“內憂外患,國不將國,民不將民。”
說道這,台下的百姓也露出痛苦的表情,他們中有些不是本地人,而是附近村落逃難而來的,自己的家園已經被妖魔占據,親人也被妖魔吃了,這不就是流離失所,民不將民嗎。
台上,呂思平頓了頓,眼中也有淚光浮現,語氣一轉,又道:“所幸,還尚存一線生機,城外妖魔環伺,國主所被小人迷惑,但也降下聖旨,祈求上天給我們這滿城百姓一條活路。
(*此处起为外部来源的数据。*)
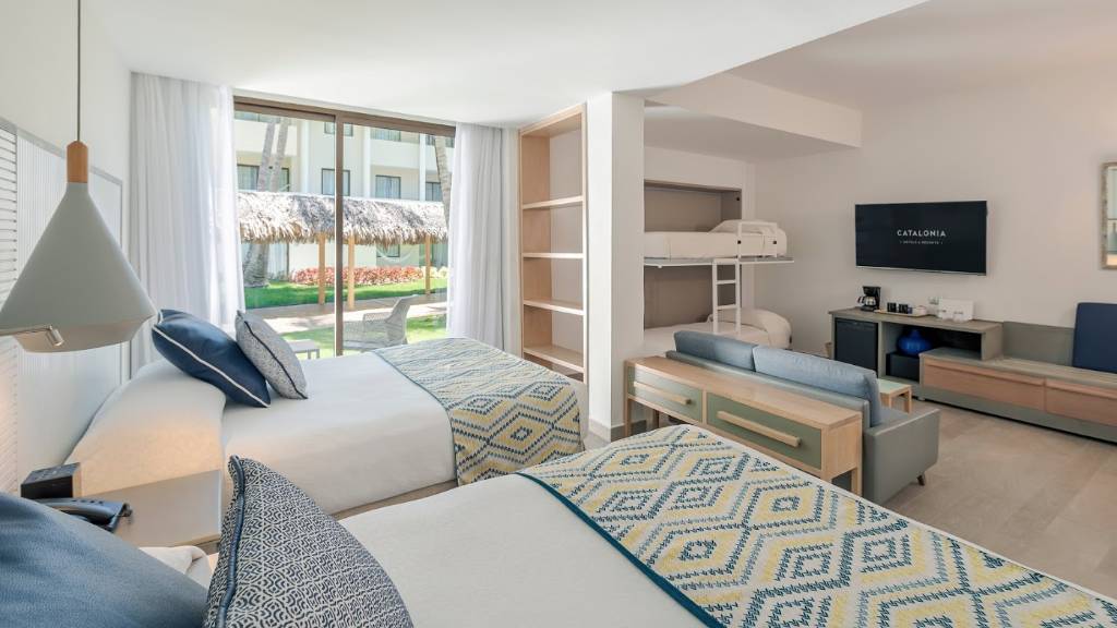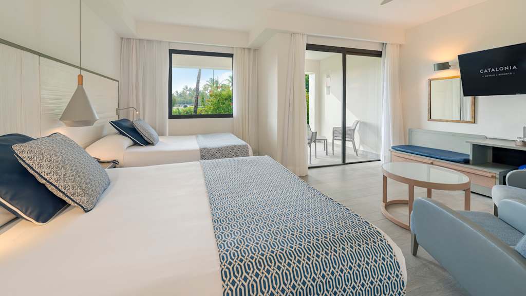 Nestled on the stunning shores of Punta Cana’s famous Bavaro Beach, Catalonia Bavaro Beach and Golf Resort offers vacationers a fun-filled getaway in a beautiful tropical setting. Mini-vacationers can have a blast at the kids pool or make new friends at the supervised kids club while parents lounge by the sprawling pool. There’s plenty of fun for guests of all ages to enjoy like beach volleyball, scuba lessons in the pool, resort-offered water sports like snorkelling and weekly theme nights. Golfers can take advantage of complimentary green fees and tee off at the Catalonia Cabeza de Toro Golf Course located on resort grounds. When it’s time to grab a bite to eat, choose from a variety of delicious cuisine options buffet and à la carte restaurants offering something for all tastes. After exploring all the resort has to offer, retire to spacious suites located in picturesque villas or upgrade to Privileged room categories and enjoy added amenities and services including an exclusive beach area with romantic Bali beds, premium-brand drinks and more.

”
呂思平舉起了手裏的卷軸,上麵金紅二色相交的神龍咬住卷軸兩端,不似作假,這卷軸一被呂思平舉起,連頭頂的烏雲都散去了一些。
烏雲散去,一縷陽光穿過厚實的雲層,照在呂思平身上,宛若神跡。
陸寅撇了眼麵色平靜的李陽道長,又看向那如同上天賜福的呂思平,露出一絲玩味的笑容。
“這是神跡啊!”
台上百姓有人議論道。
“上天垂青!上天垂青!我們有救了!”
“難道呂縣令還是神仙轉世?”
眾說紛紜,但情緒都被調動了起來,人們的眼中露出的名為希望的神色。
呂思平把聖旨恭敬的放在麵前的台子上,又道:“百姓們!這是上天回應了我們的祈禱,北河城又豈是小小妖魔可以霍亂的地方!”
這道金光貫徹天地,穿透雲霄,攝人心魂,饒是陸寅來看,也有些分不清真假,或許是這萬民願力所化,或許是李老道的法術。
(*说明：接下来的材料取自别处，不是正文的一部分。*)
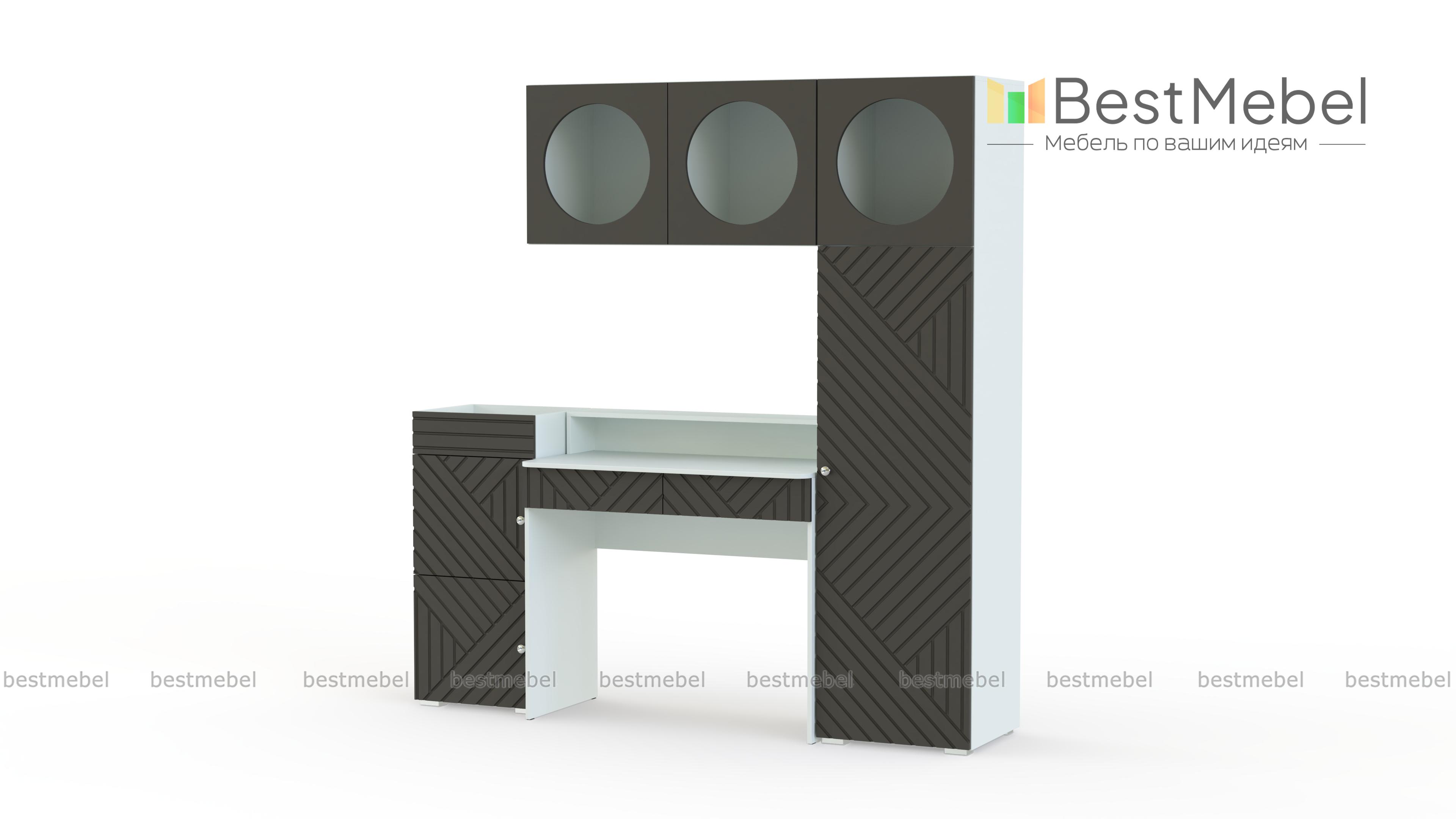Детская стенка Авелин 7 BMS позволит на небольшом пространстве обустроить рабочую зону. Среди модулей комплекта компьютерный столик с двумя ящиками, приставная тумба с дверцами, шкаф-пенал и навесная книжная полка. Лаконичные формы сочетаются с оригинальным оформлением фасадов, украшенных геометрическим рельефом, и необычным решением круглых полок. Купить детскую стенку Авелин 7 BMS вы сможете в нашем интернет-магазине, подобрав размеры и оптимальный цветовой вариант.

這時,玉娘輕輕拉了下陸寅的衣角,微微點頭,低聲道:“到我們了。”
陸寅微微頷首,和玉娘一同走向呂思平。
“說來也巧,我昨夜抱著聖旨入睡,竟做了一個古怪的夢,在夢裏,有兩顆流星從天而降,墜落在我們北河城內。”
“我走上前仔細查看,卻發現那一顆流星化成了我家玉娘子,玉娘衝我微微一笑,又變成了一隻白色的狐狸!”